Moreover, they get these alleles from their parents, and in just the right
combination to produce the addiction producing mechanism in these
people. All the twins studies show this has to be the case. Volition
is just not a part of addiction or its absence, one way or the
other.
"But," he interjected, "these people have no right to take the first drug. It’s against the law! It’s against the bible! It’s against accepted morality! It’s antisocial! It’s detrimental to society and even to themselves! They still do it anyway! This proves it’s voluntary!"

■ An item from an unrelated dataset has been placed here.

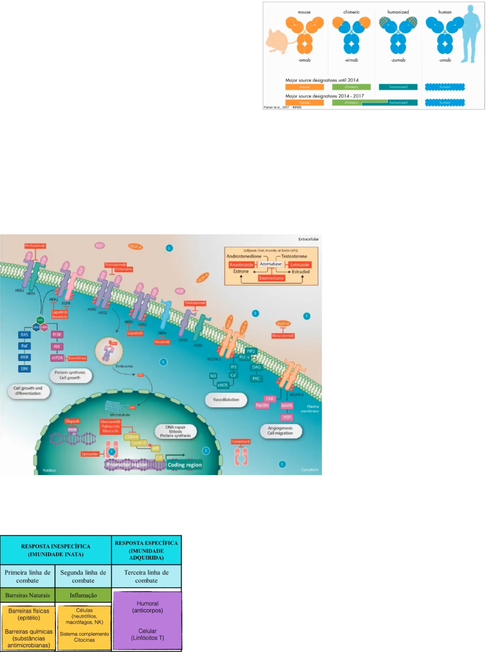 Então, os anticorpos começaram a ser utilizados em humanos para tratar, por exemplo, o câncer. Assim havia o anticorpo -omab (anticorpo de rato), e foi feito um anticorpo denominado de quimera (- ximab) com uma parte de reconhecimento proveniente do anticorpo de animal. Assim, a indústria farmacêutica conseguiu diminuir a porção não humana (o que era considerado estranho para o organismo humano), já que os anticorpos com parte animal eram destruídos pelo sistema imune, pois não eram reconhecidos, e isso causava efeitos colaterais. Assim, foi criado o humanizado (-zumab) que apresentava trechos de anticorpo animal na região de reconhecimento, isso contribuiu para menos efeitos colaterais e uma melhor resposta de tratamento, isto é, atacando a célula tumoral. Nos dias atuais, já existe os anticorpos humanos (-umab), tornando os efeitos colaterais menor ainda e um tratamento eficiente. A melhor construção desses anticorpos permitiu que houvesse um menor efeito HAHA (efeito contra o anticorpo anti-humanizado). Há receptores do tipo HER (HER 1, 2, 3 e 4 - estão relacionados com a proliferação celular) e VEGFR. Assim os medicamentos atuam na inibição desses receptores. Por exemplo, há o câncer de mama do tipo HER2 em que é bastante agressivo mas o medicamento age de forma específica com o receptor. Nesse caso, o trastuzumab inibe o HER2, isto é, a sua dimerização. Porém, esse medicamento pode ser utilizado juntamente com o emtansine, que apesar de já ter a estrutura dimerizada para sinalizar a cascata intracelular, o dímero será endocitado e essa estrutura torna-se importante pois irá liberar o emtansine no meio intracelular, o que irá inibir a formação de microtúbulos. Ou seja, haverá a inibição da duplicação celular pois haverá a inibição dos microtúbulos. Pele: uma barreira física que impede que qualquer organismo microscópico invada o corpo. Há também: microbiota natural, muco e cílios (trato digestório e respiratório). Há barreiras fisiológicas como a temperatura, pH, mediadores químicos. RECEPTORES DO SISTEMA IMUNE INATO As células da imunidade inata atual identificando e fagoctiando os antígenos ou ativando a resposta inflamatória. Essas células reconhecem os antígenos através da ligação de alguns de seus receptores com estruturas características de patógenos. Que estruturas são essas? Podem ser componente da parede celular, componente de membrana, algum carboidrato, ácidos nucleicos ou proteína que seja diferente do que nosso organismo está acostumado. Ou seja, pode ser qualquer coisa que não seja comum ao nosso corpo. O interessante é que essas estruturas geralmente são essenciais para a sobrevivência desse de patógenos. Ou seja, elas tem que estar presentes para que o microorganismo seja capaz de sobreviver. São chamadas de Padrões Moleculares Associados a Patógenos (PAMPs). Sendo os receptores que se ligam a essas estruturas denominados de Receptores de Reconhecimento de Padrões (RPR). Os PAMPs não sabem que molécula é aquela que chegou a seu receptor mas sabe que não é uma molécula padrão. Assim, o nosso sistema imune inato utiliza de padrões para reconhecer o que não é próprio, e que quando não é próprio haverá a ativação da cascata intracelular para que o nosso organismo consiga reconhecer aquele componente não próprio de forma específica, levando a uma imunidade adquirida. Ácidos nucléicos microbianos (DNA - CpG não metilados, dsRNA, ssRNA, etc.) • Lipoproteína • Glicoproteínas de superfície • Componentes de membrana (peptideoglicanos, ácido lipoteicóico - LTA, lipopolissacarídeos - • LPS, glicosilfosfatidilinositol) Os DAMPs são padrões moleculares associados ao dano e esse dano pode ser proveniente de trauma, isquemia, câncer, e outros tipos de danos teciduais na ausência de infecção por patógenos. Eles são expressos por células próprias que, por algum motivo, seja diferenciação maligna ou infecção, estão lesionadas, danificadas. HMGB1 (núcleo e citoplasma) • Proteínas S100 (citoplasma) • Proteínas de choque térmico (HSP) • Ácido hialurônico (matrix extracelular) • C3a, C4a e C5a (no plasma) • Espécies reativas de oxigênio (mtROS) - deve estar confinada dentro da célula, se houver a sua • liberação, as células dendríticas reconhecem que essas espécies não estão no local certo. —> DAMPs não-proteicos (ATP, ácido úrico, heparina sulfato, RNA, e DNA). PS: Peptídeos e DNA mitocondrial (que apresentam ilhas CpG) podem ser considerados mimetizadores de DAMPs. PS2: geralmente, os DAMPs ativam os NLRs. Os TLRs estão presentes tanto na membrana celular, virados para o lado de fora da célula, quanto em vesículas endossomais, virados para dentro deste compartimento membranar. Dessa forma, se um antígeno está no meio extracelular ou foi fagocitado e está em alguma vesícula endossomal, ele pode se ligar a um desses receptores. Eles detectam ácidos nucleicos microbianos e, após o reconhecimento, ativam alguns mecanismos intracelulares que culminam na secreção de citocinas e na expressão de moléculas de adesão. As citocinas vão ajudar a recrutar leucócitos para o local onde o microorganismo foi detectado e as moléculas de adesão vão garantir que os leucócitos que estejam passando por perto "grudem”" e sejam capturados para os tecidos infectados. O PAMP ou o patógeno acaba sendo reconhecido pelo receptor do tipo Toll e ativa uma resposta imunológica através da liberação de IL-12 (que é importante na maturação da célula T Naive) e há apresentação do antígeno fazendo com que haja a endocitose do patógeno e isso auxilia na apresentação do antígeno ao receptor da célula T. Os TCRs são os receptores de células T (presente na células T naive) para que, através da apresentação desse patógeno que é através do MHC-II, elas possam identificar a estrutura e ser maturada para que haja a forma

"Al," I retorted, "that’s exactly the point and exactly why it is proof of just the opposite. For the most part, addicts, including alcoholics, who seemingly took the first drug voluntarily, are law abiding citizens and moral in all other aspects. Many are deeply religious people, even clerics. Your calling their first use voluntary make them have to all be assholes and antisocial defiant schmucks. Of course, this includes all the behaviors we have discussed today as well such as homosexuality, compulsive gambling, various forms of sex addiction, etc., behaviors still illegal and immoral in many areas of the country and in the bible as well. You know this is wrong, and your theory has no way to reconcile this. You can’t have it both ways, Al. Either you’re wrong about this word voluntary and your entire Hijacked Brain Hypothesis is wrong, or its not. In fact, it’s wrong.
"Oh Christ," he said sheepishly,
"will you hit the ball and shut up?"
"No. Just one last thing. Until you
change your paradigm of addiction to one consistent with the actual
neurobiological realities and stop deliberately lying to the public,
addictions will remain the large problem they are today. Until
you reconceptualize NIDA's addiction paradigm to fit what we just
discussed and publicize it, you are guilty of voluntarily and
unnecessarily hurting millions of americans and the whole of society
both in their misconceptions of what they're recovering from and
from the drug war, public health policies, and criminal justice
legislation derived from these wrong concepts. I suggest, with
all due respect, if you truly deserve any, you either quit your
position or make amends to the public, and fast."